In ancient Rome prisons would often be used as areas to hold prisoners until they faced punishment. Prisoners would be treated horribly, although during the later parts of the history of the empire Christian charity could help improve the lives of prisoners somewhat. Prisons would be filthy, underground, and hot. Often times prisoners would be tortured into revealing information. This also served the ulterior motive of deterring crime. The ministers of the prisons were the Tresviri Capitales.
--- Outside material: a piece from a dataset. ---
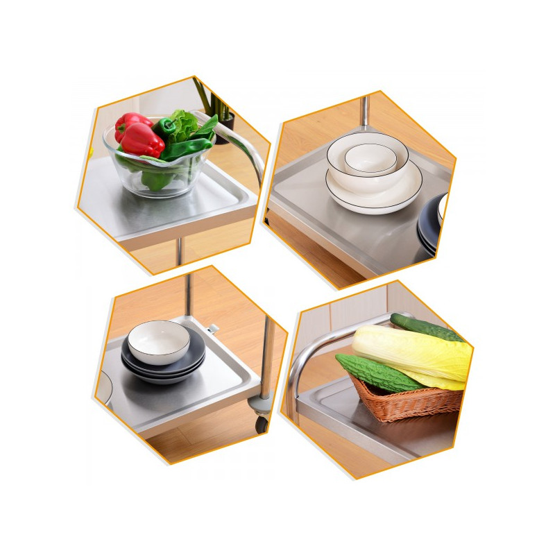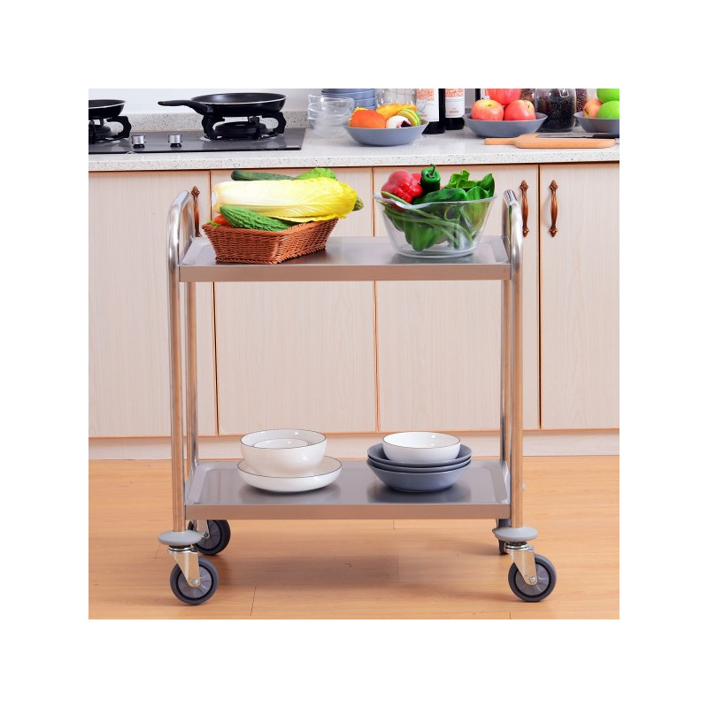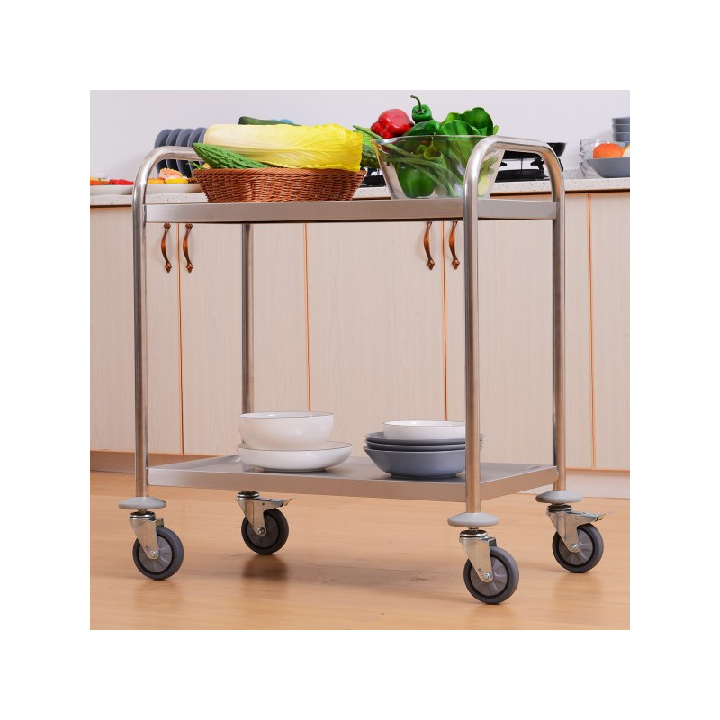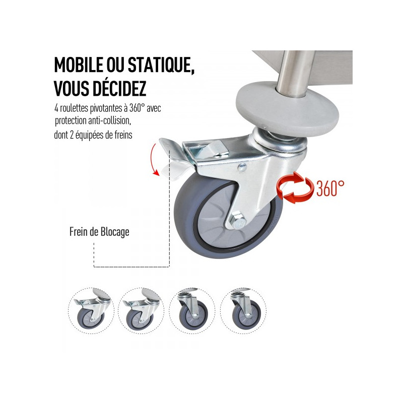 Il était une fois une famille qui invitait beaucoup. Grâce à cette magnifique desserte de cuisine, le service était facilité. Merci à MYCOCOONING d'avoir prévu deux étagères ou trois étagères (suivant modèle choisi) en acier inoxydable chromé. Le meuble de rangement se marie facilement avec vos mobiliers de cuisine, que vous soyez cuisine traditionnelle ou ensemble contemporain. Les quatre roulettes pivotantes à 360° assurent la mobilité et les deux roues équipées de freins la stabilité. Vous ne rêvez pas, ce modèle vous sera utile pour longtemps. Caractéristiques : Desserte de cuisine sur roulettes très pratique Deux étagères ou trois étagères au choix Format pratique : 71 x 41 x 81 cm Acier inoxydable chromé Sobriété et modernité des lignes Idéale pour accueillir grille-pain, micro-onde, couverts ou assiettes Quatre roulettes pivotantes à 360° pour faciliter le déplacement, dont deux équipées de frein Grande capacité de charge Charge maximum par étagère : 50 Kg

Notable prisons in ancient Rome are the Mamertine prison and Ergastulum.

Tresviri Capitales 
The Tresviri Capitales were a group of three officials that administrate and guàrds of the prisons. The Tresviri Capitales had complete criminal jurisdiction over Roman citizens. They also had jurisdiction over slaves. The Tresviri Capitales might have also just been regular judicial officials.

Prisons

Known prisons 
The first Roman prison was built by Ancus Marcius and enlarged by Servius Tullius, another prison was built by Agrippa on the Campus Martius. The prison built by Agrippa was called the Porticus Argonautarum. There were other prisons in Rome, the only one of which that there are considerable ruins of is a prison built by Augustus and named after Octavia. The prison in Alba Fucens is described as dark, underground, and small. Ancient tablets describe a prison called the Ergastulum. There was an underground prison called the Mamertine prison. The state prison of Rome used to be the only prison needed.

Conditions and design 
The prisons were filthy, poorly ventilated, and were underground. The prisons would be divided into outer and inner areas. The inner parts of the prison were more secure and darker. Prison would not have had individual cells. They would have had groups of prisoners chained together in different rooms. Prisons would often times be very crowded. The prisons were designed to psychologically and physically torture a prisoner into confessing. Emperor Valens drafted a law which required the confession to be submitted in written form. The prisons would also be designed to strip the prisoner of dignity. There was very little rations in the prison, because friends and family were expected to supply the prisoners needs.  The Christian Church would provide charity to prisoners. Emperor Constantine regulated the amount of charity the Christians could provide. A Bishop would have the right to administer prisons according to Canon law. The presence of Christian priests in prisons reminded the guards to treat the prisoners well, although the prisoners still lived in horrible conditions. The prisoners were not segregated by gender, leading to other things.

Usage 
Prisons would be used to hold prisoners until trial. There was no such thing as being condemned to serve a sentence in prison. Although people would spend a lot of time in prison. During the Roman Empire Roman prisons were used mainly for holding prisoners condemned to death. Private prisons called Carcer Privatus would be used to hold debtors. There was a public prison called Custodia Publica which held people awaiting trial. Prisons were meant to be a fate worse than death, to discourage crime.